■ WORK ORDER ■
Would you restate the full listing word for word and omit its pictures?

■ GIVEN DATA ■
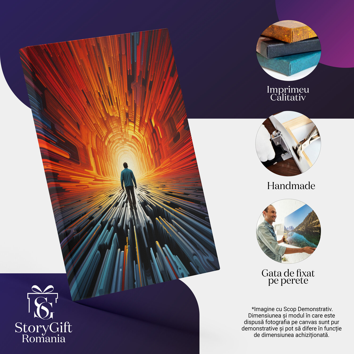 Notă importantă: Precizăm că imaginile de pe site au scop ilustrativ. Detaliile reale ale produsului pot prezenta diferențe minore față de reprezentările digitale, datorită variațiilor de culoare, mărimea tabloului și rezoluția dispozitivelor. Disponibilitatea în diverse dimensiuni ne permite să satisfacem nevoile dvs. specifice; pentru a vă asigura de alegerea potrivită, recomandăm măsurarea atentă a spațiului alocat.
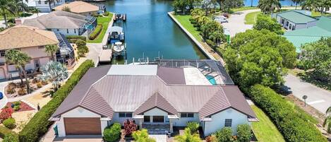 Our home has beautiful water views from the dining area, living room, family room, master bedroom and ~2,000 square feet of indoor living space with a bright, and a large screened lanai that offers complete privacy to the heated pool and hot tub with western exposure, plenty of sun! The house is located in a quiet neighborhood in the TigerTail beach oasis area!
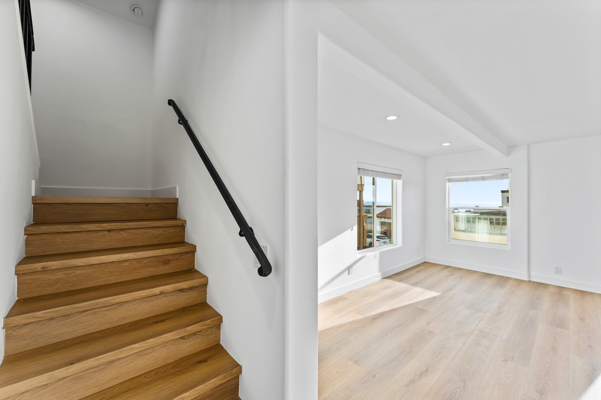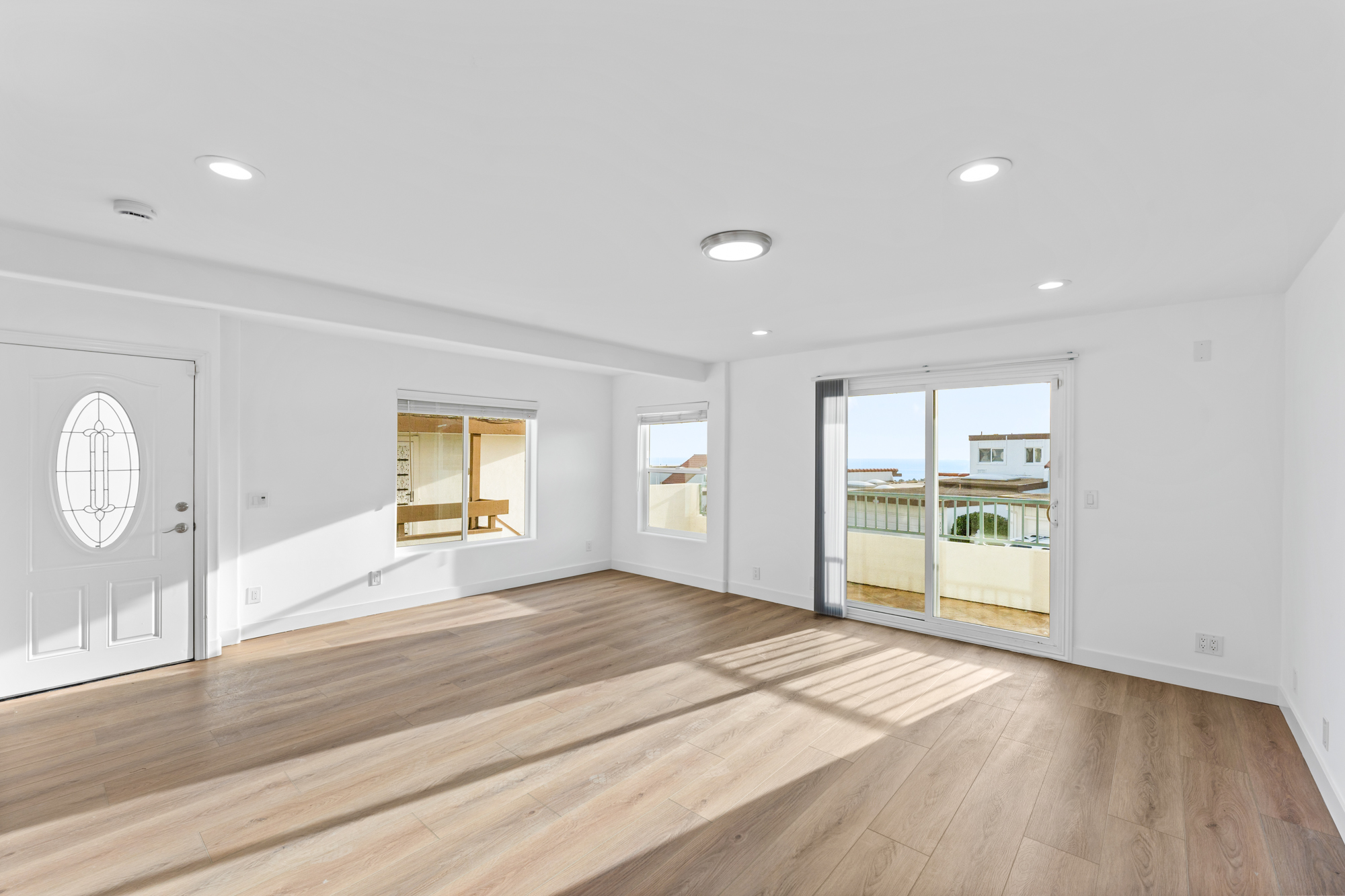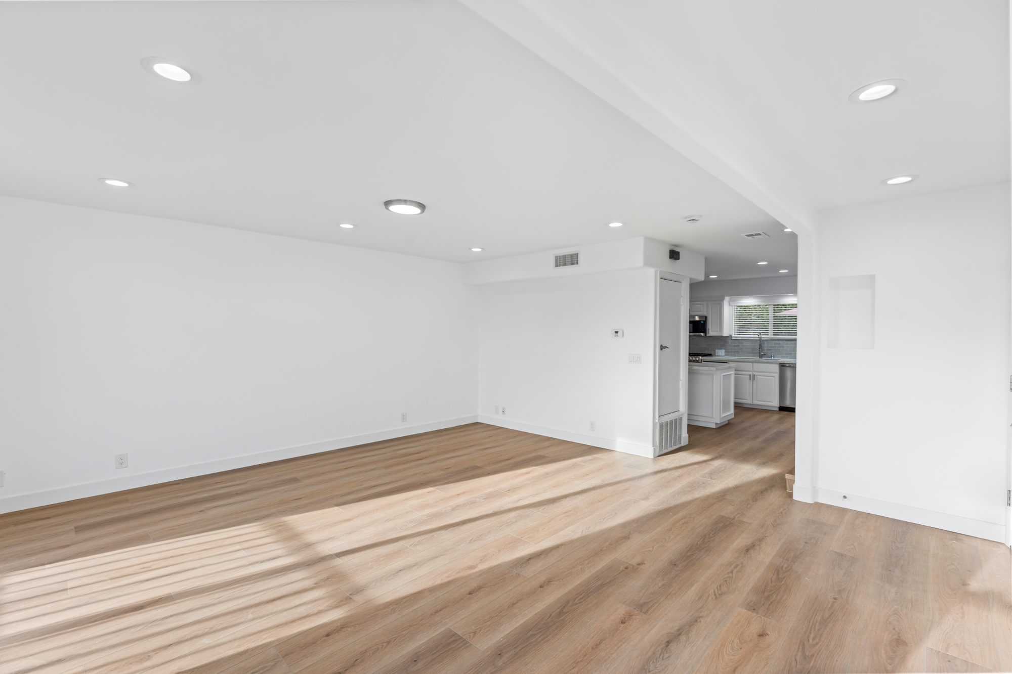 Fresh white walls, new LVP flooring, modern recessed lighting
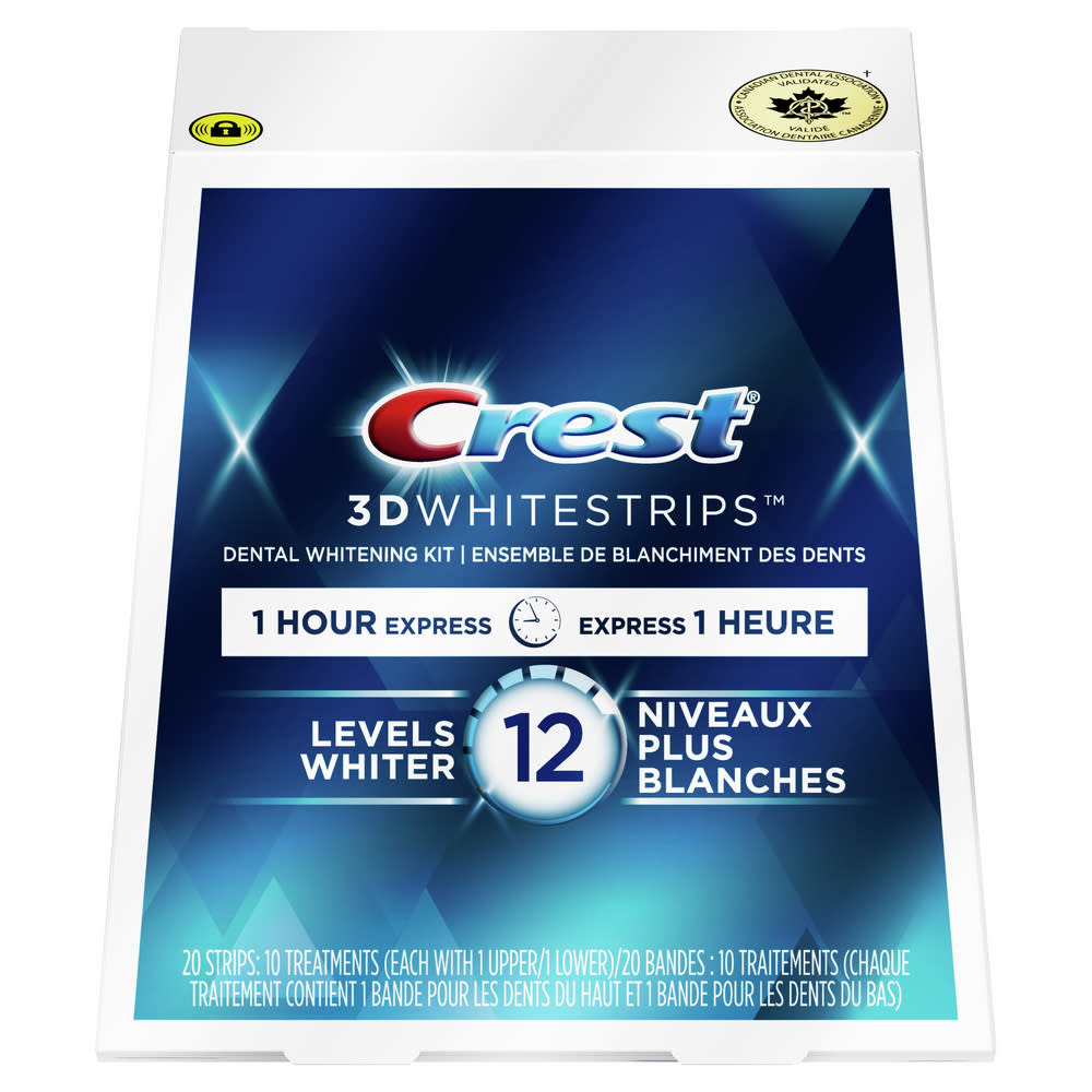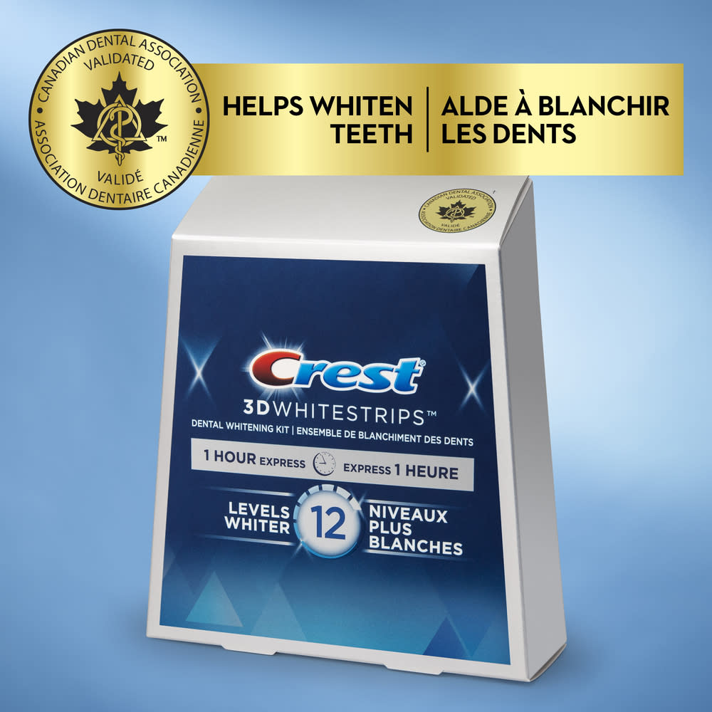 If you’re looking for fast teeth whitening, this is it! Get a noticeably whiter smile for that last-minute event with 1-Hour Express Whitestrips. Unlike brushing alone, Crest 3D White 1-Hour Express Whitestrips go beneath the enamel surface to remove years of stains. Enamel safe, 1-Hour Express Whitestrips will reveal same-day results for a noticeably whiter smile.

■ SOLUTION TO THIS EXERCISE ■
 Notă importantă: Precizăm că imaginile de pe site au scop ilustrativ. Detaliile reale ale produsului pot prezenta diferențe minore față de reprezentările digitale, datorită variațiilor de culoare, mărimea tabloului și rezoluția dispozitivelor. Disponibilitatea în diverse dimensiuni ne permite să satisfacem nevoile dvs. specifice; pentru a vă asigura de alegerea potrivită, recomandăm măsurarea atentă a spațiului alocat.
 Our home has beautiful water views from the dining area, living room, family room, master bedroom and ~2,000 square feet of indoor living space with a bright, and a large screened lanai that offers complete privacy to the heated pool and hot tub with western exposure, plenty of sun! The house is located in a quiet neighborhood in the TigerTail beach oasis area!
 Fresh white walls, new LVP flooring, modern recessed lighting
 If you’re looking for fast teeth whitening, this is it! Get a noticeably whiter smile for that last-minute event with 1-Hour Express Whitestrips. Unlike brushing alone, Crest 3D White 1-Hour Express Whitestrips go beneath the enamel surface to remove years of stains. Enamel safe, 1-Hour Express Whitestrips will reveal same-day results for a noticeably whiter smile.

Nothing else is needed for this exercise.